━━━ Exercise data ━━━
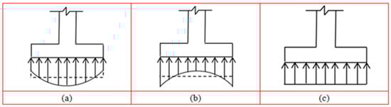 Figure 1 shows the diagram of soil pressure below of the contact surface of a foundation depending on the soil type for a rigid foundation. Figure 1a shows a rigid foundation on sandy soil. Figure 1b presents a rigid foundation on clay soil. Figure 1c shows the uniform distribution used in the current design [1].
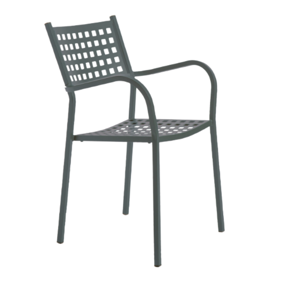Moderna i izdržljiva željezna stolica idealan je izbor za terase, balkone, vrtove i ugostiteljske objekte. Izrađena od kvalitetnog metala s praškastim premazom, otporna je na vremenske uvjete, vlagu i UV zračenje, što osigurava dugotrajnost i postojanost boje.Ergonomski oblikovan naslon i perforirano sjedište omogućuju udobno sjedenje te bolju cirkulaciju zraka tijekom toplih dana. Stabilna konstrukcija pruža sigurnost i čvrstoću, dok minimalistički dizajn s čistim linijama omogućuje lako uklapanje u različite stilove uređenja – od modernih do industrijskih prostora.Stolica je praktična za održavanje, jednostavna za čišćenje i pogodna za svakodnevnu upotrebu na otvorenom.
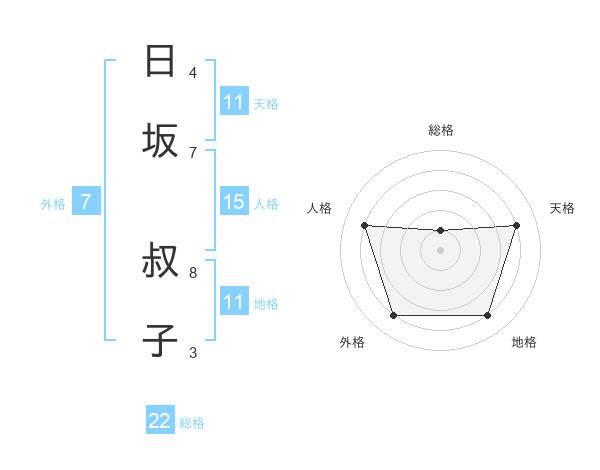 日坂 叔子さんを姓名の画数から五運を鑑定
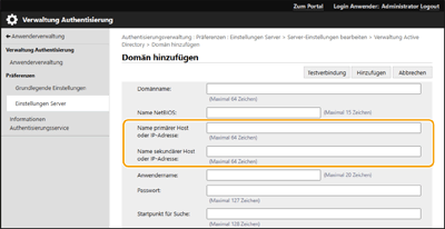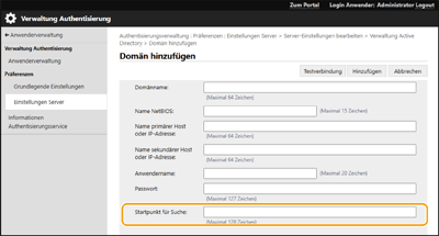 5 | Geben Sie den Domänennamen des Anmeldeziels in [Domänname:] unter [Einzustellender Domänname für Anmeldungskonto] an. | ||
━━━
In repeating the lines above, keep the wording exact and leave every picture out.

Finished task.
 Figure 1 shows the diagram of soil pressure below of the contact surface of a foundation depending on the soil type for a rigid foundation. Figure 1a shows a rigid foundation on sandy soil. Figure 1b presents a rigid foundation on clay soil. Figure 1c shows the uniform distribution used in the current design [1].
Moderna i izdržljiva željezna stolica idealan je izbor za terase, balkone, vrtove i ugostiteljske objekte. Izrađena od kvalitetnog metala s praškastim premazom, otporna je na vremenske uvjete, vlagu i UV zračenje, što osigurava dugotrajnost i postojanost boje.Ergonomski oblikovan naslon i perforirano sjedište omogućuju udobno sjedenje te bolju cirkulaciju zraka tijekom toplih dana. Stabilna konstrukcija pruža sigurnost i čvrstoću, dok minimalistički dizajn s čistim linijama omogućuje lako uklapanje u različite stilove uređenja – od modernih do industrijskih prostora.Stolica je praktična za održavanje, jednostavna za čišćenje i pogodna za svakodnevnu upotrebu na otvorenom.
 日坂 叔子さんを姓名の画数から五運を鑑定
 5 | Geben Sie den Domänennamen des Anmeldeziels in [Domänname:] unter [Einzustellender Domänname für Anmeldungskonto] an. | ||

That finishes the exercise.